The first part of my testimony focused on establishing my professional credentials in the parking industry. This is important because only an expert can give opinions during a trial. All other witnesses must have actual knowledge of the events. The second part of my testimony provided my opinions as to the causes of the injury.
It was obvious that the defense attorney had read my report very thoroughly. During cross-examination, he pointed out statements that he believed were contradictory. He also showed me pictures that I had taken and tried to demonstrate that the person was at fault for not seeing the wheel-stop.
For this case, the jury did side with the plaintiff and awarded damages. Other times, the outcomes have been different.
In another case, I has hired by a hotel developer to render an opinion as to the “merchantable quality” of a parking structure. The developer had an agreement with the city’s development agency in which it agreed to construct a hotel on top of a parking structure provided by the agency. The agency was to provide a parking structure of “sufficient design” to allow it to be used for the intended purpose — parking for hotel guests.
Prior to the opening of the garage, the developer toured the parking facility and believed it was not suitable for its hotel guests. The agency, of course, disagreed. The parties were unable to negotiate their differences, and so the legal battle began.
I inspected the parking structure, which was now open for business and the hotel was nearing completion. The building footprint was small, and it was obvious that the design team had to be creative in order to supply the required number of spaces.
Some of that creativity, however, resulted in some uncommon parking decisions. Consider these findings:
On many levels, a two-way traffic pattern was used with angled parking. As one might expect, vehicles would back out of a parking space and proceed to drive the wrong way.
A majority of spaces had a width of less than 8.5 feet. A few were as narrow as 7.25 feet wide.
One location had a turning radius of 20.7 feet — 3 feet less than any known standard. I estimated that at least 30% of hotel guests would require excessive maneuvering to negotiate that turn.
Guests encountered a traffic crossover when arriving and exiting the facility. Exiting vehicles had to stop at the bottom of a steep ramp, wait for incoming vehicles, and then turn left to exit.
I concluded that these design abnormalities are not commonly encountered in other parking facilities built for hotel guests. As a result, the parking facility was only marginally sufficient for use by hotel guests.

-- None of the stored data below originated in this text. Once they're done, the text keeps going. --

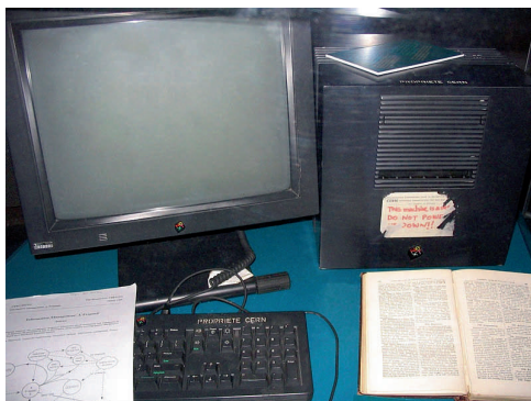
Y cyfrifiadur hanesyddol—gyda nodyn yn dweud wrth bobl am beidio â'i ddiffodd.

Mae Undodiaeth yn llawn gobaith, meddai wedyn, ac mae'r We yn enghraifft o freuddwyd yn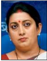
ಸ್ವತಿಇರಾನಿ, ಕೇಂದ್ರ ಸಚಿವೆ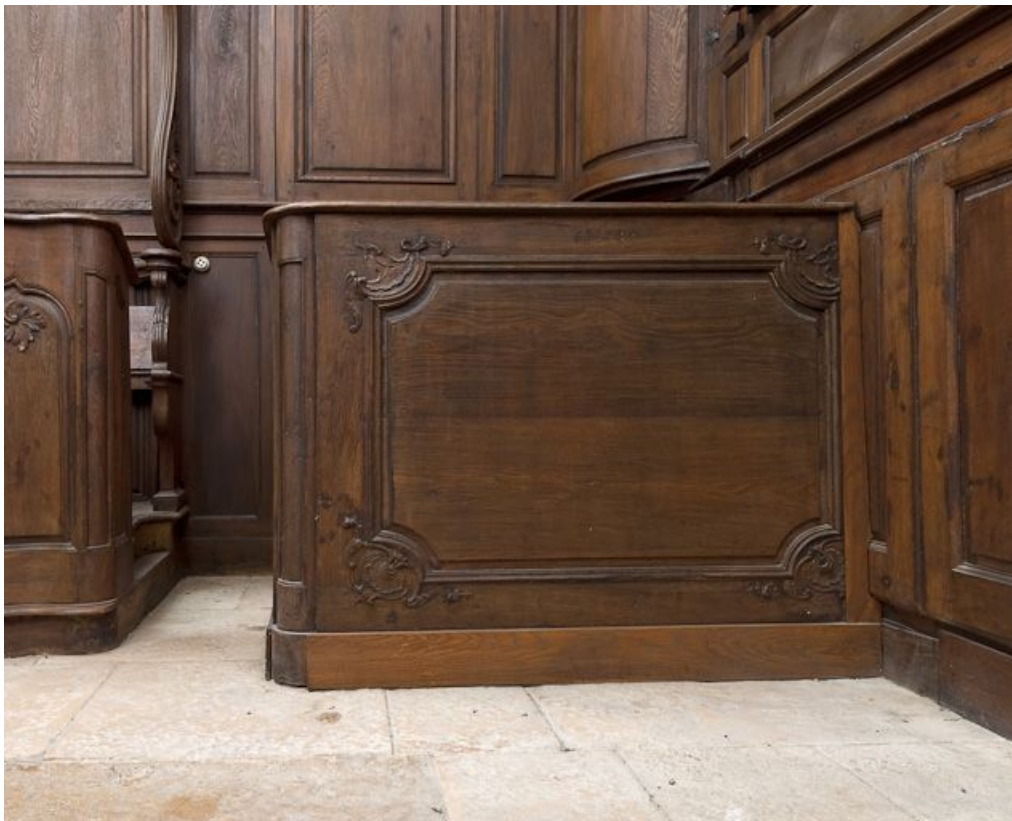
Pupitre du banc de chœur gauche.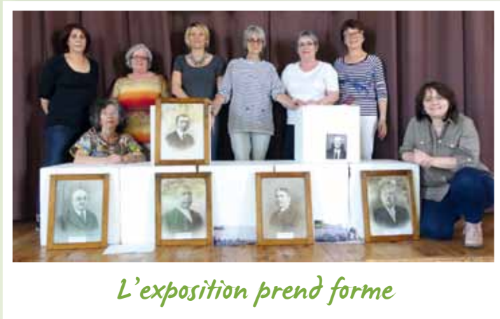
L'exposition prend forme

At trial, I testified as to my findings and opinions regarding the usability of the parking facility for hotel guests. The defense had me confirm that the facility was in compliance with local building codes in regard to the dimensions of the parking spaces. My findings, however, were that the facility did not comply with the terms of the agreement, not that the facility violated a building code.
As part of the trial, the defense produced a document that was signed by the plaintiff. The document indicated that the agency provided a copy of the parking plans to the developer and the developer agreed to the specifications. In other words, the developer had an opportunity to raise objections to the parking plans but failed to do so, and approved the plans that were used for the parking facility. The judge cited that document as a key piece of evidence in his ruling for the defense.
In both cases, using a parking consultant to begin with could have eliminated the need for litigation. In the first case, the consultant most likely would have advised the retailer against the use of any wheel-stops and, if they had to be used, to install one for each space. In the second case, the parking consultant could have provided design and parking geometric options to make the facility more user-friendly for the hotel guests.
The best time to employ a parking consultant is before the need arises. A contingency agreement with a parking consulting firm can provide a readily available resource for your organization. Even for a one-time assignment, the use of a parking consultant is an investment that will often save “time, a fine and a dime” (staff resources, penalties and revenue).